The computerized controllers sense changes in temperature and humidity to adjust the amount of water supplied by automatic irrigation systems.
Sawtooth Botanical Garden board Chair John Balint said the Billion Gallon Project is the result of discussions among the garden and about a dozen local landscaping contractors over the past four years about what they can do to save water use in the Wood River Valley. Balint is also owner of local company Mountain High Landscapes.
He said the project involves an innovative payment plan for customers and volunteer time provided by contractors to provide free training to installers.
“Even though we’re competitors as landscapers, everybody’s working together to make this work,” he said.
Balint said the contractors agreed to allow customers who cannot afford the upfront costs of the controllers, which run about $300 to $600 plus the labor needed to install them, to make payments through their savings in water costs.
He said the program was made possible by a considerable reduction in the cost of the smart controllers, which only a few years ago ran between $3,000 and $5,000. He said the payback time for most systems is now between two and five years.
“The bigger the scale, the quicker the return,” he said.
Balint said an important part of the project is a free certification program for landscape company employees to ensure that the systems are installed effectively.
“It’s only as accurate as the information you put into it,” he said.
Balint said the installations are combined with a water audit to determine the components needed, size and spacing of the sprinklers and how best to separate irrigation on sunny and shaded areas.
“There is some work involved in upgrading the system,” he said. “It takes about a year to get it tweaked in.”
Balint said employees from a half dozen local contractors were trained this winter at Silver Creek Irrigation in Hailey. He said an online course to supplement the certification classes has just been set up by Hunter Industries, a manufacturer of the smart controllers.
The certification standards were set with the help of the nonprofit Wood River Land Trust, which has been involved with landscape contractors participating in its Trout Friendly Lawn program. The program seeks to reduce water and pesticide use, and promote the use of native plants.
“It’s pretty exciting to see the professional standards raised and really regulated from within,” Land Trust Project Manager Patti Lousen said.
Balint said the plan is to have each of the contractors involved complete an installation and water audit at one home in the valley by mid-June. He said those homes will be used as models for hands-on professional training, provided by Advanced Irrigation Solutions owner Cody Farnsworth, for those who passed the class work. The installations will also be used to demonstrate to other groups what the project is about.
“We’re trying to make this a template to get the cities on board, the contractors on board and the nonprofits on board,” he said.
Hunter Industries Sales Manager Guy Collins said the project is the first he knows of to include the innovative payment plan and a free, comprehensive certification program.
“I personally think it’s the right approach,” Collins said. “It’s not just putting a device in a controller that makes it a smart controller. It’s one piece of an effective system. Without the knowledge and education, it could make things worse before it makes things better.”

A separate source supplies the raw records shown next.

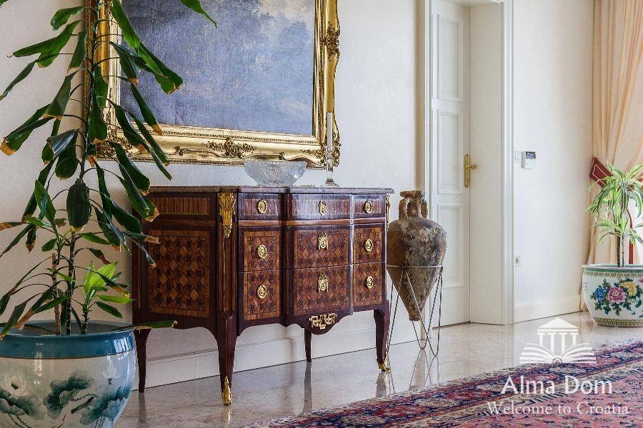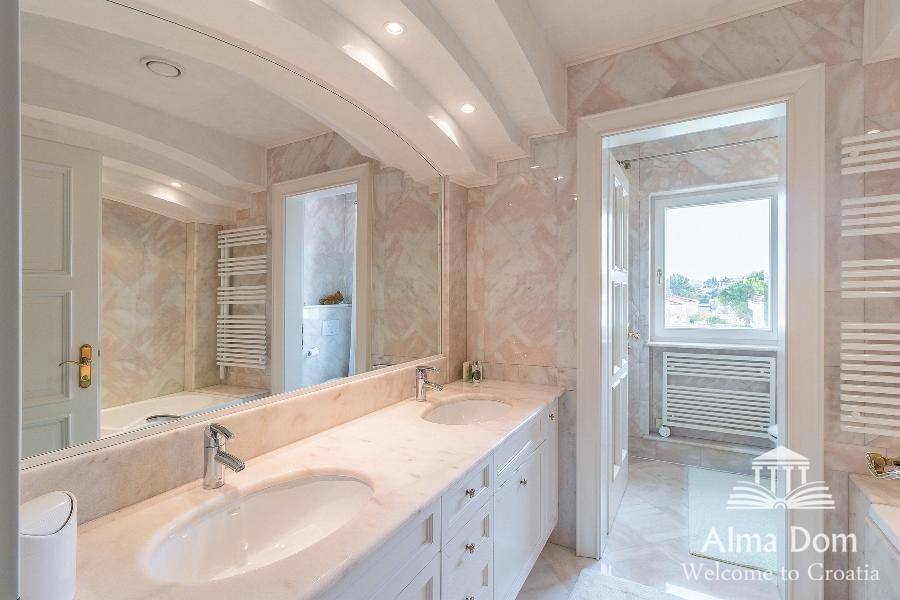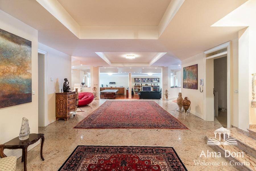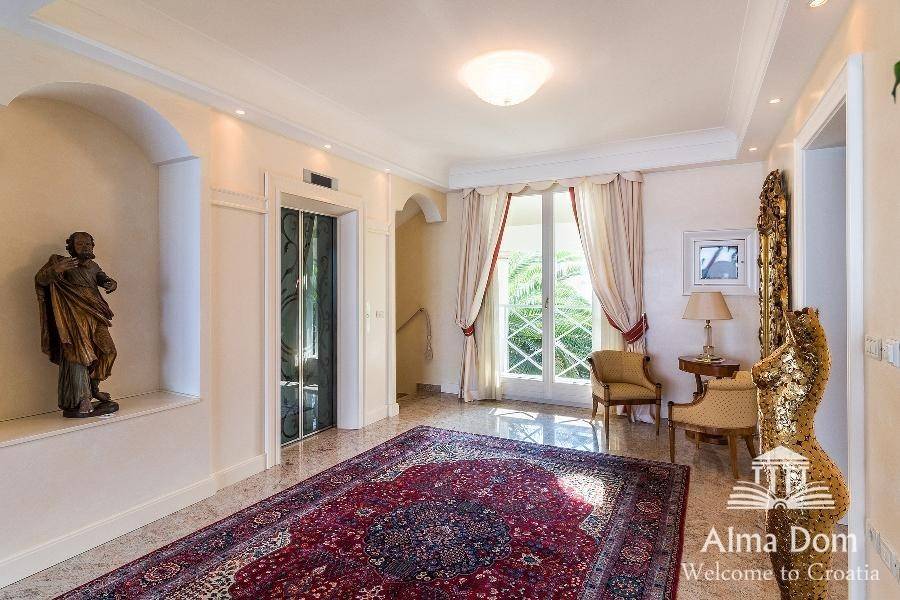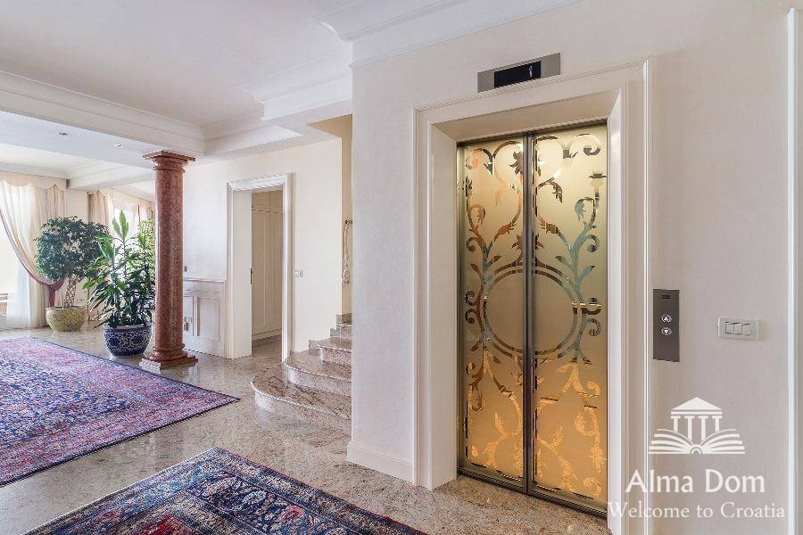 Ova prekrasna vila od 1000 m2 nudi prekrasan panoramski pogled na slovensku i talijansku obalu, kao i na austrijske Alpe. Vila je građena od visokokvalitetnih materijala poput mramora i granita. Ova izvanredna nekretnina sastoji se od tri prostrane spavaće sobe s vlastitim kupaonicama. Svaka spavaća soba opremljena je televizijom Bang & Olufsen, a dnevni boravak opremljen je najvećim televizorom ove marke, 103 inča. Osim toga, nudi izvrsne sadržaje za rekreaciju, uključujući grijani bazen s višestrukim osvjetljenjem u boji, privatnu teretanu, četiri jacuzzija, saunu i sobu za zabavu s biljarom, stolnim tenisom i stolnim nogometom. Tri etaže su prikladno povezane unutarnjim dizalom. Kako bi upotpunili ponudu, nekretnina također ima vlastiti veliki vinski podrum za degustaciju ili jednostavno za trenutak opuštanja.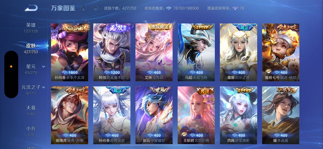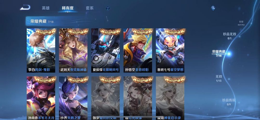 v10❤️426皮肤❤️7个荣耀典藏❤️全息碎影❤️星空梦想❤️天鹅之梦❤️一念神魔❤️群星魔术团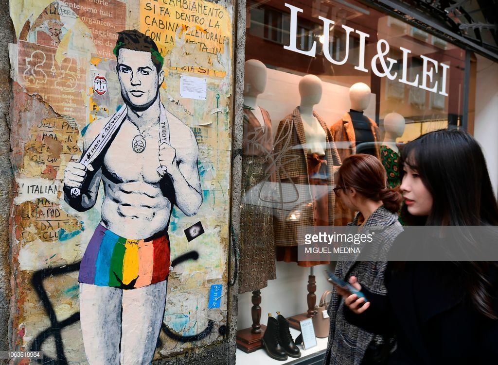 На одной из улиц итальянского Милана появилось граффити с изображением форварда «Ювентуса» Криштиану Роналду. Известный футболист изображен в одних трусах расцветки ЛГБТ-флага.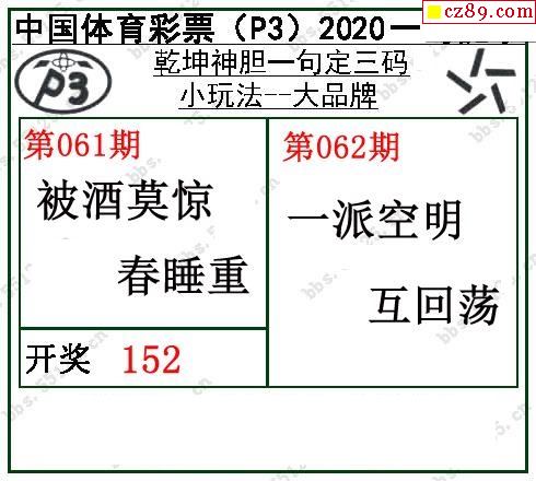 2020年062期牛彩网体彩P3画迷图谜汇总分享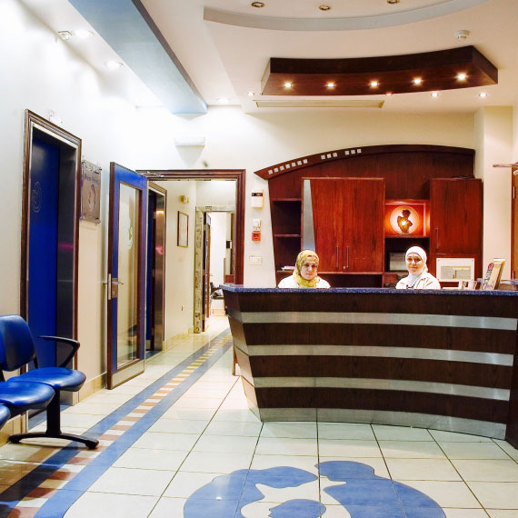 المزود بكادر من الموظفات المدربات بالإضافة إلى وجود شبكة كمبيوتر متكاملة مزودة ببرامج خاصة لتسهيل أعمال الاستقبال والمحاسبة.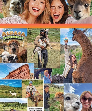 Embark upon an enchanting and unforgettable magical experience. You'll spend time with our affectionate Alpacas, and immerse yourself in the breathtaking scenic beauty of Red Rocks Park. We pride ourselves on providing truly unique experiences that allows you to get up-close and personal with Alpacas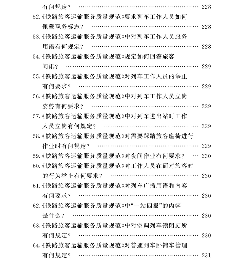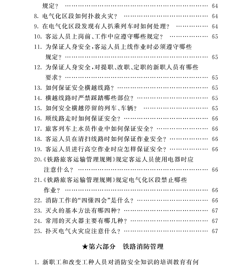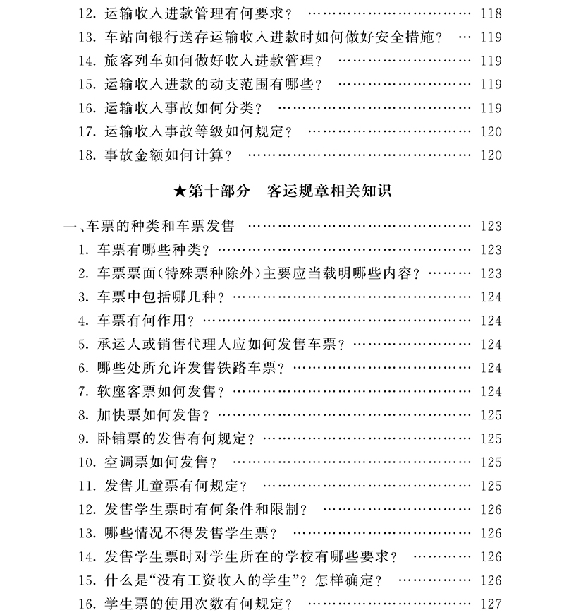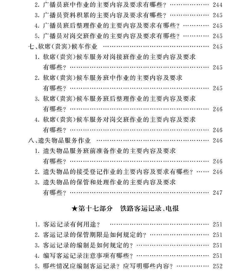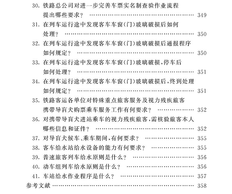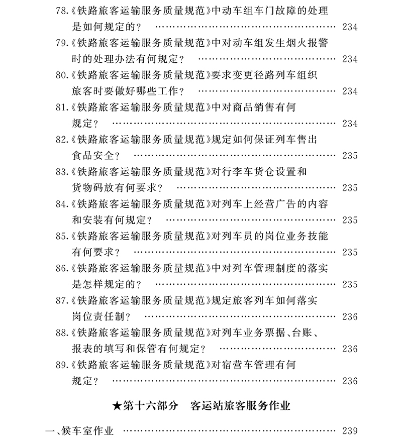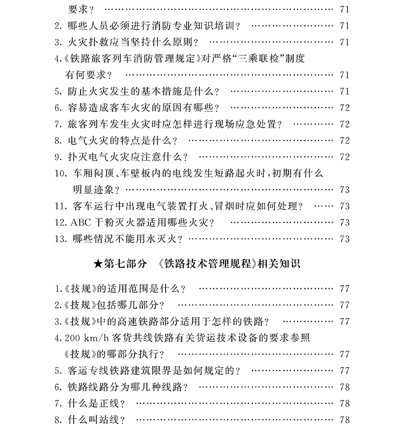 本书主要内容包括铁路职业道德,铁路路风管理,铁路安全风险管理及法律法规相关知识,铁路旅客运输安全检查管理办法及铁路安全管理条例,客运人员电气化安全、人身、作业、消防安全,铁路消防管理办法,铁路技术管理规程,铁路旅客计划运输组织工作办法,铁路运输收入管理规程,客运规章相关知识,铁路旅客车票实名制管理办法,互联网订票和电话订票相关知识,旅客运输管理规程,路内运输,铁路旅客运输服务质量规范,铁路客运记录、电报,铁路旅客人身伤害及携带品损失处理暂行办法,应急处置预案及处理方法,铁路交通事故调查处理规则,卫生防疫及红十字应急抢救,铁路军事运输,旅客运输服务心理相关知识及铁路总公司相关文件等。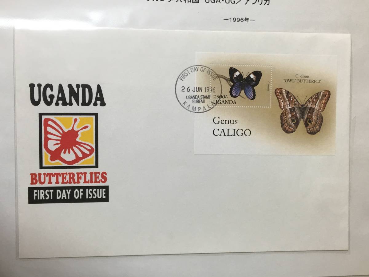 - 切手:昆虫・蝶/ウガンダ*1996年*初日カバー**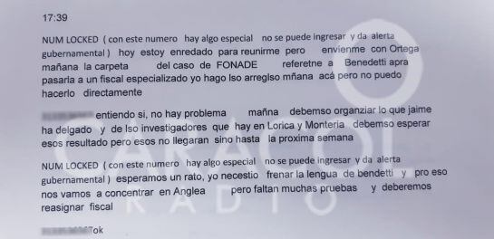 En una conversación del 11 de noviembre de 2017 se habla de seguimientos a alguien que identifican como Benedetti y del supuesto interés de presidencia en un caso. La conversación ocurre entre dos abonados telefónicos, uno identificado como Natalia Londoño y otro bloqueado
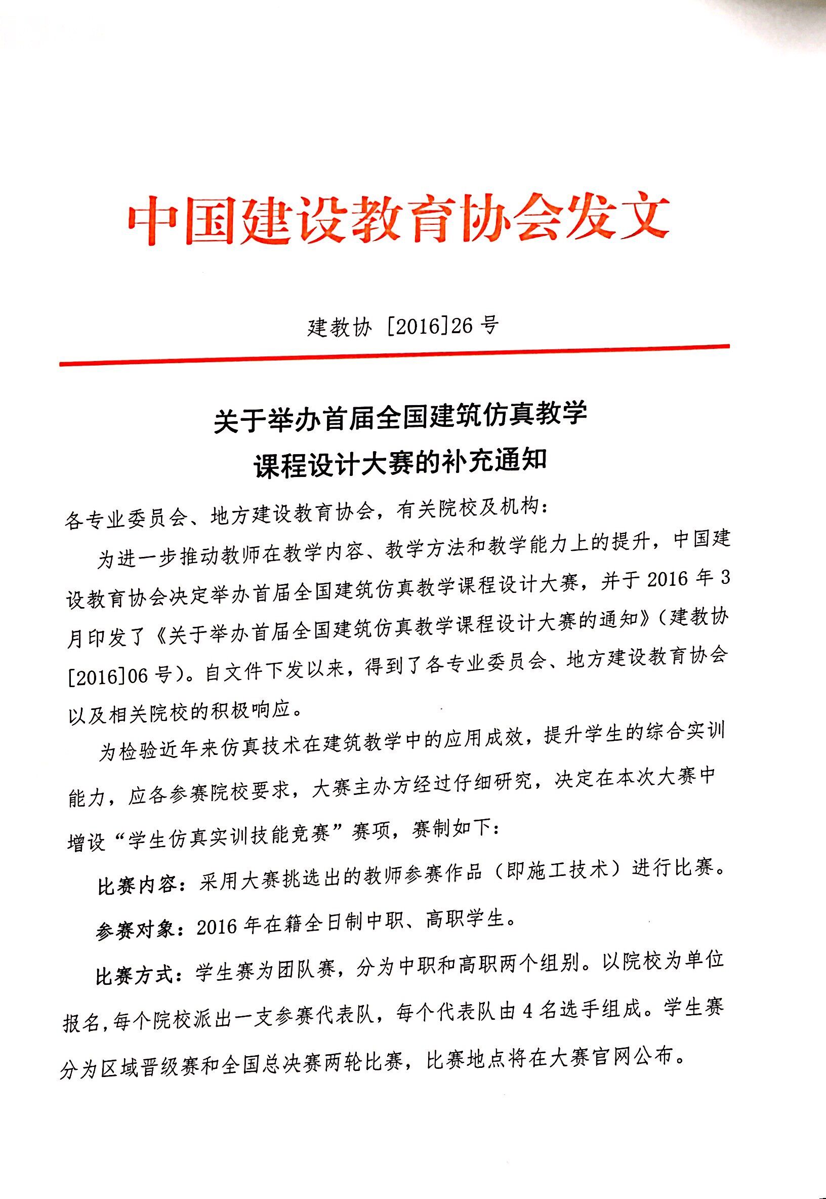 关于举办首届全国建筑仿真教学课程设计大赛的通知

He said the system needs to be properly adjusted so that brown spots do not result as water use is reduced.
Balint said there are between 8,000 and 10,000 automated domestic irrigation systems in the valley, and the project’s goal is to convert between 2,000 and 2,500 of them to smart controllers by the end of 2017.
He said the expectation is that the new systems will reduce the 3-4 billion gallons of water used by domestic irrigators each year in the valley by 200-300 million gallons—thereby producing the billion-gallon savings.
“If we don’t start controlling [water use], we’re going to have a lot less than what we’ll need in the future,” he said.